- _Information supplied_
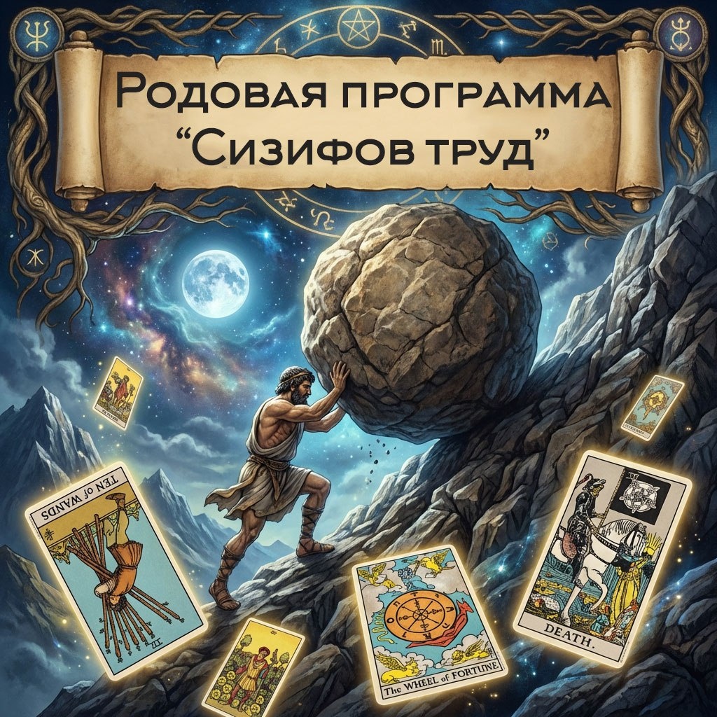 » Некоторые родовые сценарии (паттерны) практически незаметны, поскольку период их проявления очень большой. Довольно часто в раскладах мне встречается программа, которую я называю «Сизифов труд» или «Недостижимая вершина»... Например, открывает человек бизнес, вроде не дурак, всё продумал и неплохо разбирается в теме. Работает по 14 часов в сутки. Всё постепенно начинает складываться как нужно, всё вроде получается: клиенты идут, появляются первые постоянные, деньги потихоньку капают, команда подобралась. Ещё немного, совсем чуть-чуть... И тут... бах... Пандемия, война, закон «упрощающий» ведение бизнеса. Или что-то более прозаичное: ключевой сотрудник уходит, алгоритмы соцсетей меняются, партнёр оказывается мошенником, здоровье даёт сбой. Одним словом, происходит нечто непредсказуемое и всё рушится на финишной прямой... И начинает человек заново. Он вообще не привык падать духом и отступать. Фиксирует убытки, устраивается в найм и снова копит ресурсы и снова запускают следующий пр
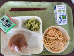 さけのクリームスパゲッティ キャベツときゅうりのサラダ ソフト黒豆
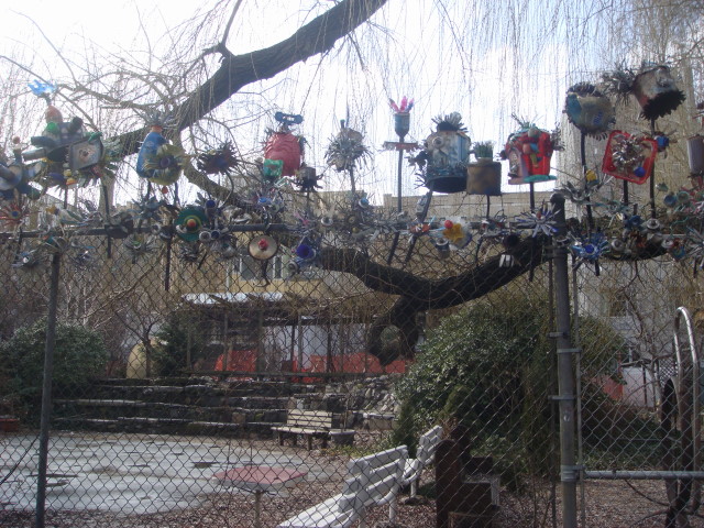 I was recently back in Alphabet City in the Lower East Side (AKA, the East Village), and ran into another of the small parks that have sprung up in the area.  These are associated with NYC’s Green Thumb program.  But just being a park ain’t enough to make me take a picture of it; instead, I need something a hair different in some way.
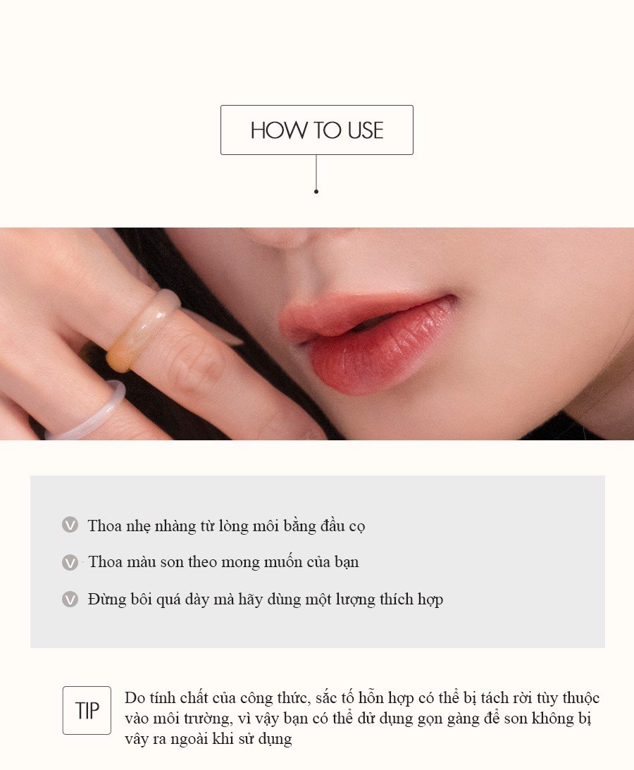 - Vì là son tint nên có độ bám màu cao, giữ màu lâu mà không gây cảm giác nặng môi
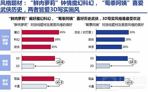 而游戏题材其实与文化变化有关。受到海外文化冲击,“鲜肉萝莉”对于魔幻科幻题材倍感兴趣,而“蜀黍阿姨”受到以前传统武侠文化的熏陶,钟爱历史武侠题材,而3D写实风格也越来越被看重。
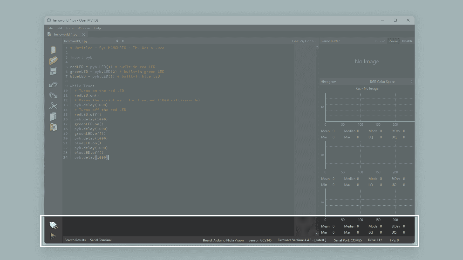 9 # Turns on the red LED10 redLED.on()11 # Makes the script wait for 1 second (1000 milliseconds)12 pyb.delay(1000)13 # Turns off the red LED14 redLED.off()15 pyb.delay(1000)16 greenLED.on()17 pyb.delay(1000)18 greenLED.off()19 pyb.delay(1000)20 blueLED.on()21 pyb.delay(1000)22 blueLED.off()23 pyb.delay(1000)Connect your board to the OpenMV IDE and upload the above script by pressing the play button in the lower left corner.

- _Goal of the exercise_
Return the listing verbatim; pictures are not part of the copy.

- _Your solution_
 » Некоторые родовые сценарии (паттерны) практически незаметны, поскольку период их проявления очень большой. Довольно часто в раскладах мне встречается программа, которую я называю «Сизифов труд» или «Недостижимая вершина»... Например, открывает человек бизнес, вроде не дурак, всё продумал и неплохо разбирается в теме. Работает по 14 часов в сутки. Всё постепенно начинает складываться как нужно, всё вроде получается: клиенты идут, появляются первые постоянные, деньги потихоньку капают, команда подобралась. Ещё немного, совсем чуть-чуть... И тут... бах... Пандемия, война, закон «упрощающий» ведение бизнеса. Или что-то более прозаичное: ключевой сотрудник уходит, алгоритмы соцсетей меняются, партнёр оказывается мошенником, здоровье даёт сбой. Одним словом, происходит нечто непредсказуемое и всё рушится на финишной прямой... И начинает человек заново. Он вообще не привык падать духом и отступать. Фиксирует убытки, устраивается в найм и снова копит ресурсы и снова запускают следующий пр
 さけのクリームスパゲッティ キャベツときゅうりのサラダ ソフト黒豆
 I was recently back in Alphabet City in the Lower East Side (AKA, the East Village), and ran into another of the small parks that have sprung up in the area.  These are associated with NYC’s Green Thumb program.  But just being a park ain’t enough to make me take a picture of it; instead, I need something a hair different in some way.
 - Vì là son tint nên có độ bám màu cao, giữ màu lâu mà không gây cảm giác nặng môi
 而游戏题材其实与文化变化有关。受到海外文化冲击,“鲜肉萝莉”对于魔幻科幻题材倍感兴趣,而“蜀黍阿姨”受到以前传统武侠文化的熏陶,钟爱历史武侠题材,而3D写实风格也越来越被看重。
 9 # Turns on the red LED10 redLED.on()11 # Makes the script wait for 1 second (1000 milliseconds)12 pyb.delay(1000)13 # Turns off the red LED14 redLED.off()15 pyb.delay(1000)16 greenLED.on()17 pyb.delay(1000)18 greenLED.off()19 pyb.delay(1000)20 blueLED.on()21 pyb.delay(1000)22 blueLED.off()23 pyb.delay(1000)Connect your board to the OpenMV IDE and upload the above script by pressing the play button in the lower left corner.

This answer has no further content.